Кое-как возвестил начало первого послеобеденного часа дальний петух.

Отрепьев указал задёрнуть плотную парчу на окнах Набережной комнаты и, падая в глубины перин, выплеснул над ними добрым жестом — «с берега всем вон!». Пусть думают окольничие да постельничие — старшие бояре — государя их после великого обеда, по стародавнему закону, унёс тёплый сон. Так будет у них, у бояр, на душе потеплее-полегче. К чему знать им, что владетель их по полудням тайно не спит. Над тихой водой полдней, куда окунуто белое тело его, бодрствуют волны, расходятся, пересекаясь, круги… К чему служилому князю, сытому до неблагозвучия, зря вздрагивать и холодеть до срока? (Ведь что может быть страшней для подчинённой блудо-глупости, чем замерцавшая над ней во лбу властителя неведомая мысль?)

Но прежде чем поразмышлять в тишине о человечьих делах, хотелось, глаза полузакрыв, отдохнуть. Ещё раз насладиться-ужаснуться своей царской высотой — жданной и страшенной. Только своей — как смерть. Пригубить — с неподвижного, одетого живою пеной жизней края — владычество своё и одиночество.

Государь, уже поныривающий в тёплую сласть сна, вскинулся вдруг: что бишь? Ни людей, ни мыслей нет, но… Всё их теребление здесь — пеленой на сердце… Одиночество? Нет его. И причём нет в помине. Ни услады, ни пропасти! Что за дела воровские?!

Пронизанная канительным золотом парча струилась поперёк оконниц, но от себя не пускала и на вершок света. Лишь несколько солнечных лучиков — толщиной в волос — пересекало палату. Отрепьев вдруг сообразил, что эти лучики берут начало не в оконных занавесях, а идут они от боковых, обитых замшей стен. Живо снявшись с лежала, прошёл по светящейся нити. Тронул точку-звёздочку пальцем и повернул, не чая, набок шляпку ложного гвоздя. Луч распушился. Царь приник к его истоку, и тут же увидел затылок и часть спины Яна Бучинского в трёх шагах перед собой. То был секретный «государев зрак», глядящий на Прихожую палату.

Перед Бучинским стояли лицом дьяк Сутупов, дворянин Шерефединов, сзади виднелся Мосальский и ещё дёргалось чьё-то плечо, чьё — «зрачок» уже не разбирал. Отрепьев приложило я и ухом к отверстию.

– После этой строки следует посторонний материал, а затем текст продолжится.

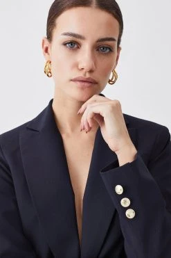 Karen Millen Petite Tailored Military Pleat Midi Dress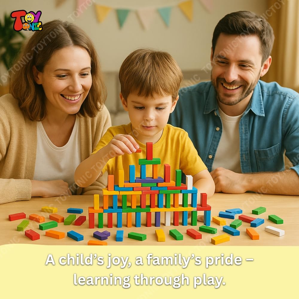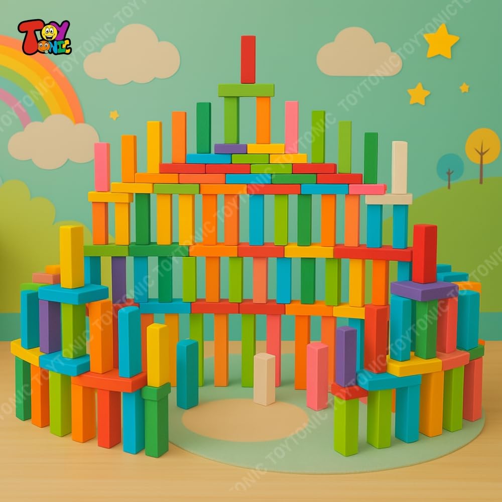 TOYTONIC 120 pcs Educational Wooden Building Blocks for Kids – Colorful Domino Set for Boys & Girls – Fun Indoor Games & Party Activities – Toys for Ages 3 to 12 Years (12 Colors)

— Яня, не хошь рубинов, так прими хочь альмадин! — увещевал Бучинского Сутупов.

Отрепьев поморщился и прошёл дальше по замшевой стенке — поискать в ней ещё «лишних глаз» и «ушей». Скоро ему повезло: перебирая бронзовые гвоздики, прикрепляющие кожу, он свернул ещё шляпку. Из-под неё скользнул такой же тёплый лучик, обновил ход, выводящий царский глаз в Ответную залу.

Отцы Чижевский и Лавицкий в чёрных, подбитых пурпурным виссоном мантиях восседали там.

— Фратер наш, — говорил иезуит Лавицкий бородачу, в русской рясе сидевшему против него, — бы было хорошо, полезно вам… эм… — Взором привлекая к делу и товарища: — …Personaliter et pro publico bono…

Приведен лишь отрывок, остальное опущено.